The stream data generating means 401 performs format conversion on the data input from the data receiving means 3 and clips the individual data from the linked data (Step S202). The stream data generating means 401 inputs the clipped individual data to the sampling means 406. The sample extracting means 40601 of the sampling means 406 refers to the sampling rate stored in the sampling rate storing means 40603 and samples given data according to the sampling rate. The sample extracting means 40601 stores the sampled data in the transmission data buffer and cancels other data (Step S203). The sample extracting means 40601 notifies the analysis window generating means 403 of a pointer to a memory area with the data stored therein.
When the pointer is notified to the analysis window generating means 403, the analysis window generating means 403 determines whether a condition for generating an analysis window is satisfied (Step S204). When analysis in a topple-based window is specified, for example, the analysis window generating means 403 determines whether the notification corresponding to the number of data defined by a window size is received. Alternatively, when analysis in a time-based window is specified, the analysis window generating means 403 determines whether a period defined by the window size elapses after the time of the previous generation of analysis window. When the condition for generating the analysis window is satisfied (Yes at Step S204), the analysis window generating means 403 adds common window ID to each data to be included in the analysis window and issues a command for transmission of the analysis window (Step S205). The stream data transmitting means 404 transmits a data group (i.e., analysis window) to which the common window ID is allocated, to the time series data analyzing means 5 according to the transmission command (Step S206). The stream data transmitting means 404 deletes the data transmitted at Step S206 from the transmission data buffer 402 (Step S207).
A process for clipping each individual data and defining it as an analysis window corresponds to the preprocessing of analysis.
At the time series data reception/analysis step (Step S3), the time series data analyzing means 5 receives the data (analysis window) transmitted by the stream data transmitting means 404 (Step S301). The time series data analyzing means 5 is equipped with an analysis buffer (not shown) and temporarily stores the data transmitted by the stream data transmitting means 404 in the analysis buffer. The time series data analyzing means 5 analyzes the data stored in the analysis buffer in asynchronization with the data receiving timing (Step S302). Therefore, Steps S2 and S3 can also be carried out asynchronously. Specifically, it is possible to perform a data analysis in asynchronization with the operation of transmitting the analysis window by the stream data transmitting means 404. The time series data analyzing means 5 deletes the data that has been completed to be analyzed at Step S302 from the buffer of the time series data analyzing means 5 (Step S303).
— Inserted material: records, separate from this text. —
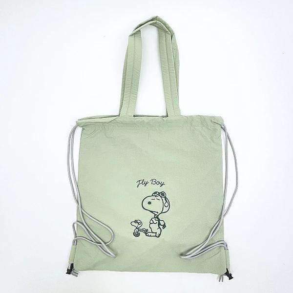 スヌーピーのリバーシブルデザインが可愛いナップザックです。取っ手付きなので使い勝手◎体操服や着替え入れにもおすすめ☆ひっくり返すとチェック柄になっていて、スヌーピーのデザインネームが付いているのがとってもキュート??ぜひ同デザインのポーチやトートバッグと一緒に揃えてみてください☆彡
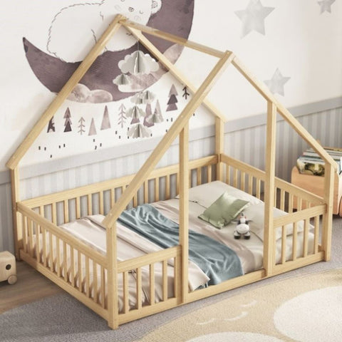 Full Wood House-Shaped Floor Bed with Fence, Guardrails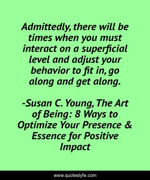 This page presents the quote "Admittedly, there will be times when you must interact on a superficial level and adjust your behavior to fit in, go along and get along.". Author of this quote is Susan C. Young, The Art of Being: 8 Ways to Optimize Your Presence & Essence for Positive Impact. This quote is about social-networking, susan-young, relationship, communication-skills, communication, personality-development, first-impressions, authenticity, trust,.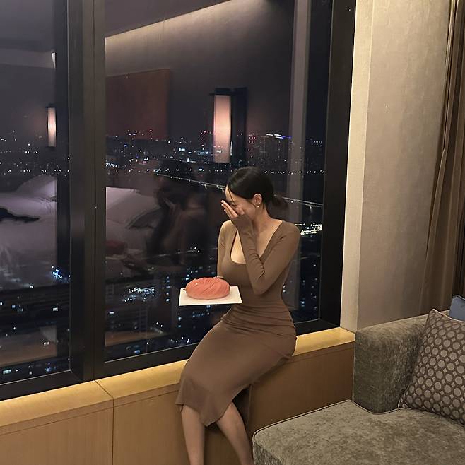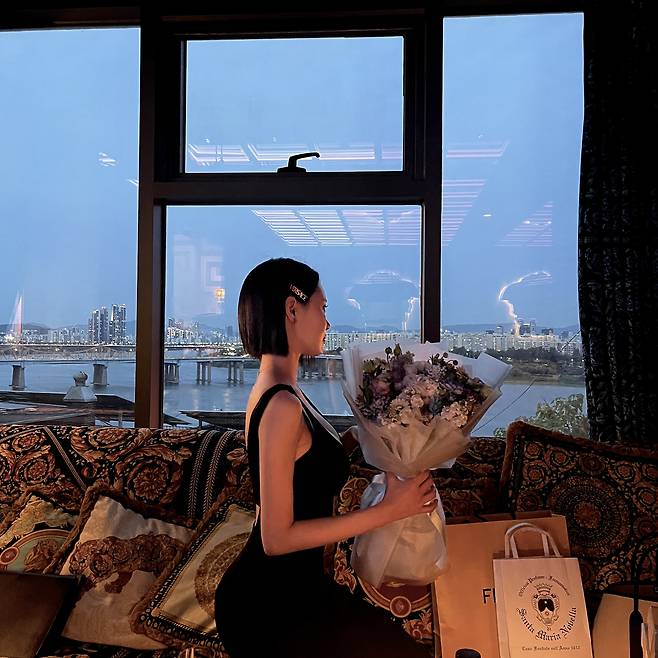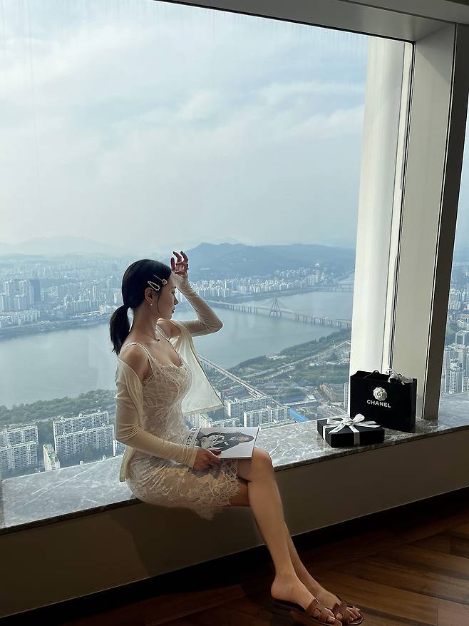 넓게 펼쳐진 도심 뷰 앞에서도 원피스 하나만으로 압도적인 실루엣이 완성돼요.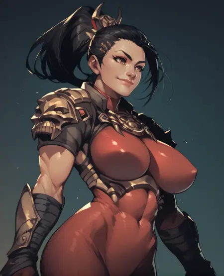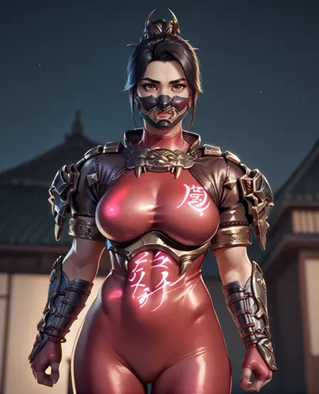 fingerless gloves, shoulder armor, arm guards, shin guards, leg armor, sandals, red bodysuit, japanese armor, hair ornament,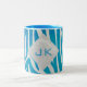 Zebra Blue and White with Monogram Two-Tone Coffee Mug

According to the present exemplary embodiment, when the data receiving means 3 receives the data generated by the respective time series data generation sources 1 therein, the pieces of data are stored in the memory (the transmission data buffer 402), not as databases or files. In both cases of access to a database and access to a file in SQL, the processing takes time. In the invention of the present application, however, the data can be quickly transmitted to the time series data analyzing means 5 because the pieces of data are stored in the memory.
In the present exemplary embodiment in particular, not all the data received by the data receiving means 3 is stored in the transmission data buffer 402. The sample data is stored in the transmission data buffer 402. Thus, even if the time series data generation sources 1 exist in large number and large amounts of data is received, the analysis preprocessing system is capable of preventing the data from overflowing and of transmitting the preprocessed data to the time series data analyzing means 5.
Further, the individual data transmitting means 2 and time series data generation sources 1 are not allowed to perform sampling. The sampling means 406 (the sample extracting means 40601) provided in the analysis preprocessing system performs sampling in asynchronization with the data transmitting means 2 and the time series data generation sources 1. There is therefore no need to perform such control as to allow the data transmitting means 2 or the time series data generation sources 1 to perform sampling individually.
An analysis preprocessing system of a second exemplary embodiment of the present invention is also equipped with data receiving means 3 and data stream generating means 4 in a manner similar to the first exemplary embodiment (refer to
The sampling rate storing means 40603 is a memory that stores a calculated sampling rate therein. In a manner similar to the first exemplary embodiment, the sample extracting means 40601 refers to the sampling rate, samples data input from the stream data generating means 401 and stores the sampled data in the transmission data buffer 402. In the present exemplary embodiment, however, the sample extracting means 40601 further notifies the flow rate calculating means 40606 of the amount of data input from the stream data generating means 401 within a predetermined time every predetermined time.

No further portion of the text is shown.